Doubt feels your every breath on days like today. The air even agrees as it all comes together to create a storm, I just sit here and wonder if I'm becoming who I'm meant to be or if this big hype is just a flake, like a bad case of pretending. Sitting here I wonder if I'm pretending to be someone I'm not, or if I am like Bob Dylan.- Lost in a sea of faces, different sides to one person, and I am only working on one side of that. Moving constantly back and forth from my past self to my future self, unsure what grounds to stand on I struggle to solve the puzzle that is me. I want to be this, or at least I think I want to. Am I an artist, a scientist, a hippie child, poet, writer, am I even a religion? Do I really want to be who I am? Who I've been taught to be all these years, or am I just fooling myself? I don't doubt the power of the almighty and know he has purpose for me and for all that is yet to come, I just sit here caught in a swirling pool of ideas, thoughts and dreams.- a dreamer lost seeking the way to go. lights shine on pathways I must take or could choose not to take. It's like Dylan said, I wake up one person and go to bed another.- each day that passes brings on a different part of me, the organizer, the sloppy, the artist or the scientist. I keep on hold of the branch to the tree I day dream from, hopping that soon my feet will find the solid ground beneath or that I will gain the strength to pull myself to higher grounds.
Notes from the past week in my preallopathic life:
* I can't volunteer this summer.- training would start mid july and I'd only work at that hospital for a month- they spend $300 training volunteers and can't just send me to a sister hospital because they would be paying out of they're own budget and wouldn't be benefiting from it for longer than a month.

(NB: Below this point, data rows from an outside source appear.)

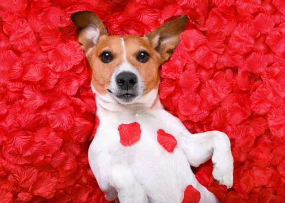 変容の炎ならぬ、変容の花びらに包まれた、至福のワンコ(笑) |
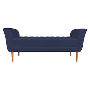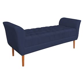 Calçadeira Recamier Casal 1,50m Londres Veludo Azul Marinho - Pallazio
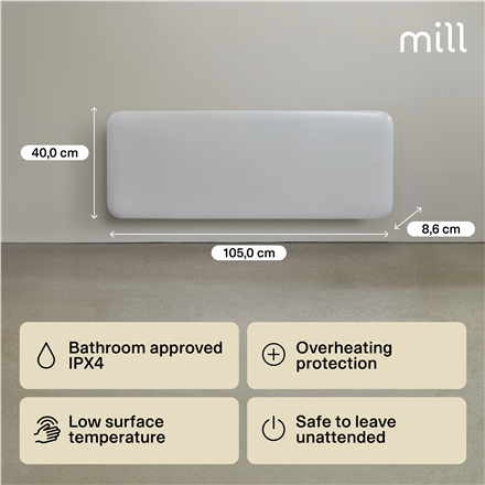 Mill | Heater | IB1200DN Steel | Panel Heater | 1200 W | Number of power levels 1 | Suitable for rooms up to 14-18 m² | White | N/A
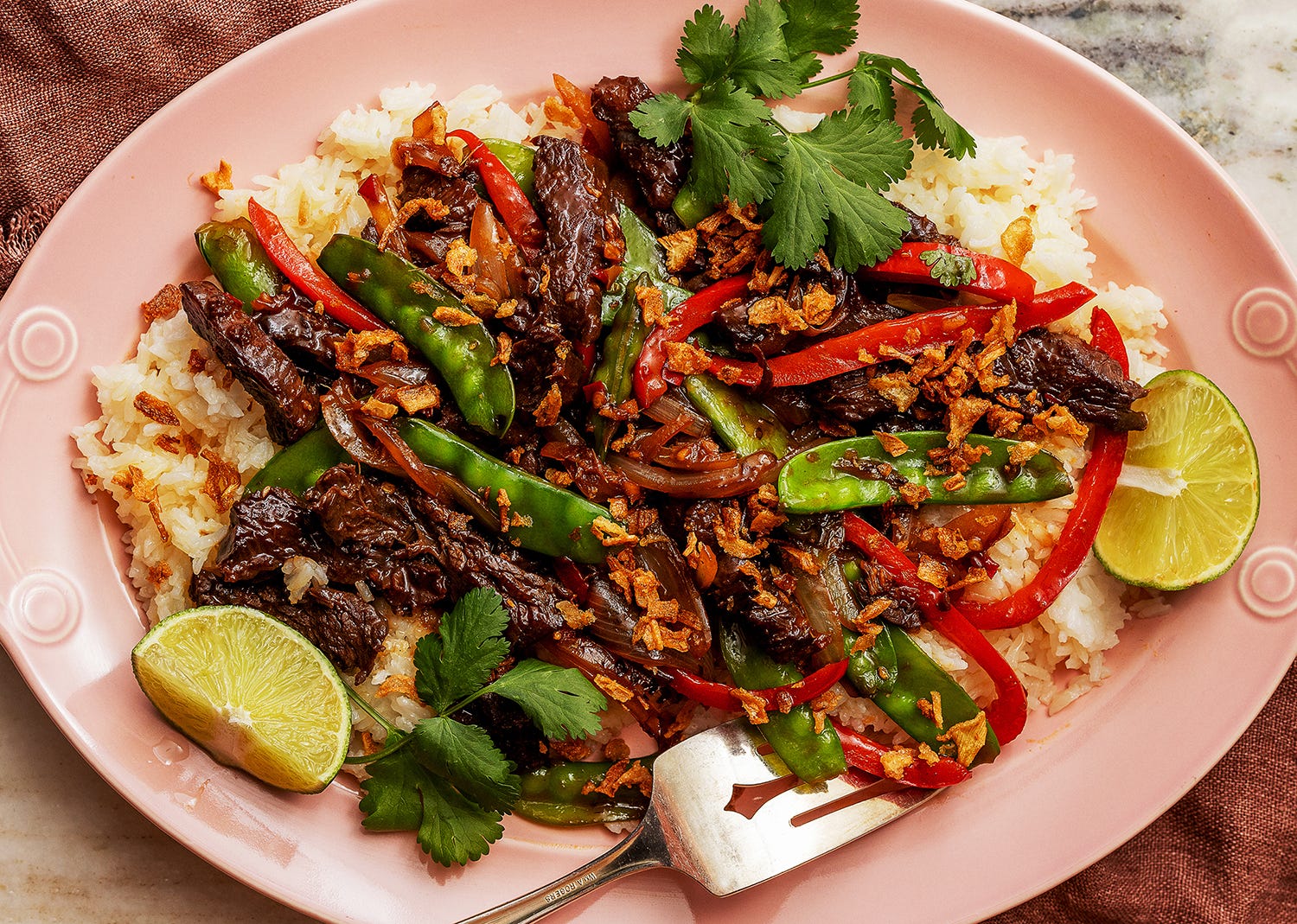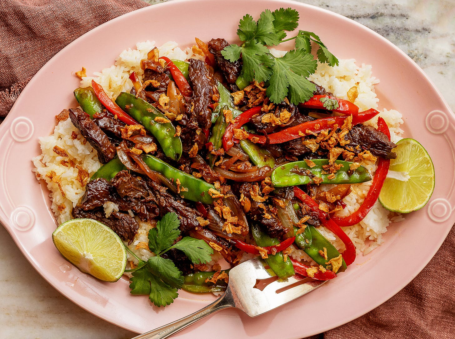 Arrange the cooked white rice on a serving platter and pile the stir-fried beef and vegetables on top. Garnish with cilantro, scallions, lime wedges, and crispy shallots. Enjoy!

* I've been reading, listening and watching almost anything and everything medical I can get my hands on
* I love driving by or just parking in the hospital parking lot. - dreaming.
* i watch med shows every night or listen to reach md as I drift into sleep.
Sometimes it's like O-d\ing on it all, wearing you down until you pass out from too much. The pulse of the dream increases rapidly and then drops into nothing and I'm left coding trying to fight for that bit of life left in the dream before I get lost in the swirling pool of ideas again.
I know my life seems dark through the eyes and words I leave behind here, and I know that it all gets tiresome sometimes, but believe me when I say I'm ok, I live an amazing life and couldn't want anything more, but we all must understand that sometimes the heart of life becomes dark and we just need to escape into the sea of unspoken words. Let them spill on to the page before us and take life somewhere outside of our being so we can at least be free of the slavery they have wrapped our thoughts in.